* [About this exercise]: Repeat nothing but the lines below running from the one containing "Systeem 3 (zie" to the one containing "Custom Engraved - Police". Keep both end lines.

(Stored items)
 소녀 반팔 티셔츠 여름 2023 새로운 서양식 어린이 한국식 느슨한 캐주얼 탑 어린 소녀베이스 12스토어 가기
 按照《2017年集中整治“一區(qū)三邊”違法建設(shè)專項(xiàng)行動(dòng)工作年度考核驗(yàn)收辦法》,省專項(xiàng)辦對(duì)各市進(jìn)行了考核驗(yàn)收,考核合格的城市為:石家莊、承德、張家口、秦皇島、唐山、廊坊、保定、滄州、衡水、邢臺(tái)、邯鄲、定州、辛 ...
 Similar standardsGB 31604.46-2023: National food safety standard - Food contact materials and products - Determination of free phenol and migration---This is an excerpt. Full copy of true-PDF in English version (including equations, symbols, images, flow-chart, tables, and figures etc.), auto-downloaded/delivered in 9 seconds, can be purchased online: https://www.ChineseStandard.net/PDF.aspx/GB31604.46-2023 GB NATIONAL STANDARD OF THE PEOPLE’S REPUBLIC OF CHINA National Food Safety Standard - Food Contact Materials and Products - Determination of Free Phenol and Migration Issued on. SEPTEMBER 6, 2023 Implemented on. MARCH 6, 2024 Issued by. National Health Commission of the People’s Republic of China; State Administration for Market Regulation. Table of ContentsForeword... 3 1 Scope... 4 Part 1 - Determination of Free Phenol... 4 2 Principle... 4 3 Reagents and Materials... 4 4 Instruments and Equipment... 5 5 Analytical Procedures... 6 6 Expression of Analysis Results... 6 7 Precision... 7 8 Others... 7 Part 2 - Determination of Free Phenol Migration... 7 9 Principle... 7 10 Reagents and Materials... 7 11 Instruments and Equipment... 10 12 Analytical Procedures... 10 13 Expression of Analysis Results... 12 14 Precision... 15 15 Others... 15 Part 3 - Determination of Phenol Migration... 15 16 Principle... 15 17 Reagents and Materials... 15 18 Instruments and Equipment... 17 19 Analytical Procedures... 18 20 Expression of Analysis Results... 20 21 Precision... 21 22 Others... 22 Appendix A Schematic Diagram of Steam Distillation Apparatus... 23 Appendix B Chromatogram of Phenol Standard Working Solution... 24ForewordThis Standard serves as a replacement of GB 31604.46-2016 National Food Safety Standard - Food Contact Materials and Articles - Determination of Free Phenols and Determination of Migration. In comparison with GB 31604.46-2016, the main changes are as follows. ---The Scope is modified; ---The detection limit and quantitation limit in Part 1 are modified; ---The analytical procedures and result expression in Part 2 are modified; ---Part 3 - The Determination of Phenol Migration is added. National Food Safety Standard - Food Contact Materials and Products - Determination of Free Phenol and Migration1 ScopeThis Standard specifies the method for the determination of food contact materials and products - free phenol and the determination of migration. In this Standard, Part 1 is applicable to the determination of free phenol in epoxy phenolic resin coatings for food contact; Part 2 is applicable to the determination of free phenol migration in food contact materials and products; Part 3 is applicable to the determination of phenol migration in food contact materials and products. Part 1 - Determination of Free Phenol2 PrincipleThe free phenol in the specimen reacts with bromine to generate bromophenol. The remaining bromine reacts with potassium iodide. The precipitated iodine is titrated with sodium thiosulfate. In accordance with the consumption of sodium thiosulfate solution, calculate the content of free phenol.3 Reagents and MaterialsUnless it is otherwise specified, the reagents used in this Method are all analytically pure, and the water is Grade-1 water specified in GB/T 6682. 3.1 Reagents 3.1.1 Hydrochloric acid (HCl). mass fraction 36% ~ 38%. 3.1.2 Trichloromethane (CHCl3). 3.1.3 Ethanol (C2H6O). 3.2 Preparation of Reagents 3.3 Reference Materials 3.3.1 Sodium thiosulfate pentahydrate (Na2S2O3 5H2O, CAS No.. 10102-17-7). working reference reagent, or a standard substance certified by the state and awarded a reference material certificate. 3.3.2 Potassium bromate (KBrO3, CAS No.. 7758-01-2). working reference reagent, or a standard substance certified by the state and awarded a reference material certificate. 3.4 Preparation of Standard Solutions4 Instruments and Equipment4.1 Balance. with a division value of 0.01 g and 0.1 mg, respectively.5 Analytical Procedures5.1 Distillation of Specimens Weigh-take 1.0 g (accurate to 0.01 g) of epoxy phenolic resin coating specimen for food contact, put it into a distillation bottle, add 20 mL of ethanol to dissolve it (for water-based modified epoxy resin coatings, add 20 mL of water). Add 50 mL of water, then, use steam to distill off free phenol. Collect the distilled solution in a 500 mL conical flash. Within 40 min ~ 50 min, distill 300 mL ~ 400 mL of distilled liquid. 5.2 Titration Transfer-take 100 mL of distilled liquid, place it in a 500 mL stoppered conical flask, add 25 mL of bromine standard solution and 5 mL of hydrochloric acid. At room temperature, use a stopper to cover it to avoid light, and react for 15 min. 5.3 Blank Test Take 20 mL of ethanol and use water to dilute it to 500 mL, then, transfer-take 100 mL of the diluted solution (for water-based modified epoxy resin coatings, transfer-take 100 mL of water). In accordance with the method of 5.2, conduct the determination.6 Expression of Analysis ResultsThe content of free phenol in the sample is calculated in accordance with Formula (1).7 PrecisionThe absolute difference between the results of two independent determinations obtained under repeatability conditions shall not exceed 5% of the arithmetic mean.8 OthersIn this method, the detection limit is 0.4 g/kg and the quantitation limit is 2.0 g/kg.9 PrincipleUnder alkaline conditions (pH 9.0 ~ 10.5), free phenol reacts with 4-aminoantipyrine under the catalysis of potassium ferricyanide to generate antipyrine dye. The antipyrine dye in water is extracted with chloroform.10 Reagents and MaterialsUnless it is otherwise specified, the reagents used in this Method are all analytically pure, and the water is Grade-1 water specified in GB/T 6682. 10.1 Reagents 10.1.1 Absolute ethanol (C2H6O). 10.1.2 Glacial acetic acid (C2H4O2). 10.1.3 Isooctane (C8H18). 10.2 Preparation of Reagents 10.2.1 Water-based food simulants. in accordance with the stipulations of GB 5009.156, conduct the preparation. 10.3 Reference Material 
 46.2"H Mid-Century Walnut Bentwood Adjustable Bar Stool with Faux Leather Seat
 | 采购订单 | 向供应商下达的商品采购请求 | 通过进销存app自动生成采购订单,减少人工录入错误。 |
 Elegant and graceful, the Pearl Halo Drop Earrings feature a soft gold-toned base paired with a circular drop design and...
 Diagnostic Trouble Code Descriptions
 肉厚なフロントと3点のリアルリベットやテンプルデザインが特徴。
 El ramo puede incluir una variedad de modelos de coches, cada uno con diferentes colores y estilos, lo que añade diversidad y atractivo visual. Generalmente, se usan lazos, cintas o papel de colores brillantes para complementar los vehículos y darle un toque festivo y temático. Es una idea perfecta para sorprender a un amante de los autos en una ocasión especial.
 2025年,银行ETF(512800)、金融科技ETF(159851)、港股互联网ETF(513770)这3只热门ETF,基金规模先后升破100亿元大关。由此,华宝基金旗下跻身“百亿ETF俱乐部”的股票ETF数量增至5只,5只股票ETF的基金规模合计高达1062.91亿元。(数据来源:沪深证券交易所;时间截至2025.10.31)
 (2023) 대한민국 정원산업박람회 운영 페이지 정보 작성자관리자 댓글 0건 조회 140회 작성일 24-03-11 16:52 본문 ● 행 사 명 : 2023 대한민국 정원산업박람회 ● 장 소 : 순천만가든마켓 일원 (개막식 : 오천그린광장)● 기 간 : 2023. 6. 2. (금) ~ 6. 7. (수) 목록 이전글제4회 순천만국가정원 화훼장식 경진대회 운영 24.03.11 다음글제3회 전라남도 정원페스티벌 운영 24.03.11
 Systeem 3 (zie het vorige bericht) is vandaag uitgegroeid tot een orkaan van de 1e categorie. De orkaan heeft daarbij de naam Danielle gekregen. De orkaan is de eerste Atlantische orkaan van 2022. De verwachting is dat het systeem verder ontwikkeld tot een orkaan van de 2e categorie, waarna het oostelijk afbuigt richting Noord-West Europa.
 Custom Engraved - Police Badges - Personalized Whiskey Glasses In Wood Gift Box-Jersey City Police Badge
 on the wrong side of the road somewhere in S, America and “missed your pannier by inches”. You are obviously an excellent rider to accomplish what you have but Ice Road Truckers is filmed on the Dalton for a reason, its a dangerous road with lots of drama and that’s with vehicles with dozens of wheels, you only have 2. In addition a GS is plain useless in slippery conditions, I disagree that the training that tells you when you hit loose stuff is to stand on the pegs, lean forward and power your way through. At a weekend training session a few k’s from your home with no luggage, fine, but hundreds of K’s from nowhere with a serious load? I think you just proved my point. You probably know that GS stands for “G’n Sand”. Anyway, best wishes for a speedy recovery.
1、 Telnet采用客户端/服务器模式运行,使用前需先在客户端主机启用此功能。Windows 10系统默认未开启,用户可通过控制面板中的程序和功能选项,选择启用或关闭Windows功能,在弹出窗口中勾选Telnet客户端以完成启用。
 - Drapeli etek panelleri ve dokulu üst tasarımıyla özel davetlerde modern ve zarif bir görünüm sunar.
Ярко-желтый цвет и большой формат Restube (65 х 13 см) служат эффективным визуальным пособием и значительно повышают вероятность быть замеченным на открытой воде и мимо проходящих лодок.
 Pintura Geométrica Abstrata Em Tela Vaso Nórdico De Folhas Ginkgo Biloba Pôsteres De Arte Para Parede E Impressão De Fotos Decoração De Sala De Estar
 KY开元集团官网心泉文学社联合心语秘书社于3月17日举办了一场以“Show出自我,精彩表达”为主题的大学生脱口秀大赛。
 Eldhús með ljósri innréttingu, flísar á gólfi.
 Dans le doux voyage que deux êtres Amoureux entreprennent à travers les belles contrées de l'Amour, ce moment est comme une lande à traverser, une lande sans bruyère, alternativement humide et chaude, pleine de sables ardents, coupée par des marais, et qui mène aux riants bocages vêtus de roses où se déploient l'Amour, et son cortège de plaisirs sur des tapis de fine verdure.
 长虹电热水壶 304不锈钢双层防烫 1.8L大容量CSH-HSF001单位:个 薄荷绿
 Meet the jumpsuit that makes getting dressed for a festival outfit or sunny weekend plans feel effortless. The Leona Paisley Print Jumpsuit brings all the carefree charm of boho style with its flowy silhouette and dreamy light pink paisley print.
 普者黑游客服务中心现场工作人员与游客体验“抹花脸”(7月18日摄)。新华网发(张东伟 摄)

* [Task output]:
 Systeem 3 (zie het vorige bericht) is vandaag uitgegroeid tot een orkaan van de 1e categorie. De orkaan heeft daarbij de naam Danielle gekregen. De orkaan is de eerste Atlantische orkaan van 2022. De verwachting is dat het systeem verder ontwikkeld tot een orkaan van de 2e categorie, waarna het oostelijk afbuigt richting Noord-West Europa.
 Custom Engraved - Police Badges - Personalized Whiskey Glasses In Wood Gift Box-Jersey City Police Badge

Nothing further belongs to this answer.